# Atlanta Area Skype Cubing Group? :D



## YouCubing (Jun 27, 2015)

I've been looking for cubers around the Atlanta area who I can Skype with sometimes. If you live in the Atlanta area, or maybe really southern Tennessee, eastern Alabama, etc., and you have Skype, then maybe we can make a group!
If you want to be in my group, post your Skype here and let me know. We can even organize events and unofficial competitions! ^-^


----------



## YouCubing (Jul 10, 2015)

Anyone?


----------



## ElectroCuberZZ (Jul 10, 2015)

Mah bad. i never saw your thread. Im not sure how many other people have either. My skype is NeoHero14 and i live in the atlanta area


----------



## JustinTimeCuber (Jul 10, 2015)

ehhh doesn't it seem like making it local defeats the point of Skype?


----------



## YouCubing (Jul 10, 2015)

JustinTimeCuber said:


> ehhh doesn't it seem like making it local defeats the point of Skype?

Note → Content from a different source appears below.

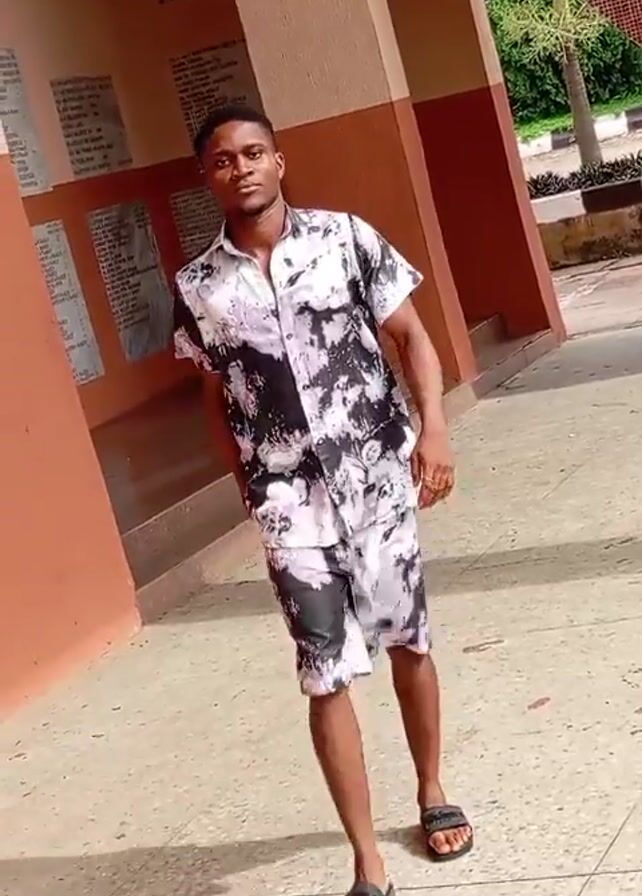 young man standing outside a building. He is wearing a matching black, white, and gray patterned shirt and shorts, and black sandals. He walks forward and looks directly at the camera. The building behind him is mostly a light peach color, with a dark reddish-brown trim. There are multiple plaques mounted on the peach part of the wall. The ground is a light speckled beige color. In the background, some trees and greenery are visible. The lighting suggests it is daytime.

Well, I want it to be local so we can get together in person, but on Skype so that we can talk and stuff anytime we're on our computer/tablet/phone.


----------



## dboeren (Jul 10, 2015)

I didn't see this thread the first time around either, but I'm in Marietta which is NW Atlanta. I'd be more interested in an occasional local get together than meeting on Skype.


----------



## YouCubing (Jul 11, 2015)

dboeren said:


> I didn't see this thread the first time around either, but I'm in Marietta which is NW Atlanta. I'd be more interested in an occasional local get together than meeting on Skype.



I wanted to make it a Skype group so that we could plan meetings whenever, and then making them happen.


----------